Ms Begum left the UK in February 2015 alongside Amira Abase, also 15 at the time, and Kadiza Sultana, who was 16. Ms Sultana is believed to have been killed in an air strike in 2016.

The UK has revoked Ms Begum’s citizenship on the grounds that she is a Bangladeshi national through her mother, who is a Bangladeshi citizen.

But Bangladesh’s ministry of foreign affairs has disputed this, saying Ms Begum is not a Bangladeshi citizen and that she will not be allowed into the country.

And, last month, Ms Begum’s family told the home secretary they were going to challenge his decision to revoke her UK citizenship.

In the letter, seen by the BBC, Shamima Begum’s sister Renu said they could not “simply abandon her” and asked for assistance in bringing her newborn baby to the UK.

Labour leader Jeremy Corbyn, meanwhile, said Ms Begum had a “right to return to Britain” – and called the decision to revoke her citizenship “extreme”.

Although Mr Riedijk is on a terrorism watch list, his Dutch citizenship has not been revoked.

However, our correspondent said: “The truth is Shemima Begum and Yago Riedijk lost control of their fate when they joined that extremist group, and Yago Riedijk might find its as difficult for him to return back home as it is for his wife.”

Mr Riedijk was born and raised in Dutch suburbia but abandoned his life in 2014 to join IS.

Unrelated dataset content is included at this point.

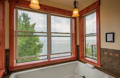 Located only 40 feet from Lake Superior s beach is the Inn at Croftville Road Cottages. This unique and newly crafted building with tall multiple gabled peaks houses 5 vacation suites all with private exterior entrances. The Inn at Croftville Road Cottages #5 provides the gentle sound of breaking waves hitting the shore and spectacular views of Superior. It is designed with romance in mind. This 2-story, 1-bedroom vacation suite has a main level living room and well-equipped full-size kitchen and an upstairs bedroom and bathroom. One enters this suite from a covered porch on the Grand Portage side of the inn. The living room features a romantic wood fireplace with a large raised hearth and firewood, a smart TV and DVD player mounted above the mantle, a dinette set in a bay window looking out to Superior, a radio/CD player, and a futon. The upstairs bedroom has a plush queen bed, a decorative gas stove, and a spa tub for 2 in the bay window looking out to Superior. The luxurious bathroom has access from the stairs landing without entering the bedroom. This four-season inn suite is open all year and has wireless internet access. An artesian well provides excellent water for drinking. The Inn at Croftville Road Cottages #5 sleeps up to 4 people (2 on the futon) with all linens provided.

BBC foreign correspondent Anna Holligan said Mr Riedijk was one of 300 Dutch men and women who travelled to Syria and Iraq. Some 135 Dutch nationals with “jihadist intentions” are still there, anti-terrorism officials say.

It is not known how many want to come back, and it is not clear if they can, Anna Holligan said, but last week the Netherlands removed the citizenship of Mr Riedijk’s fellow Dutch jihadist, Outhmane B.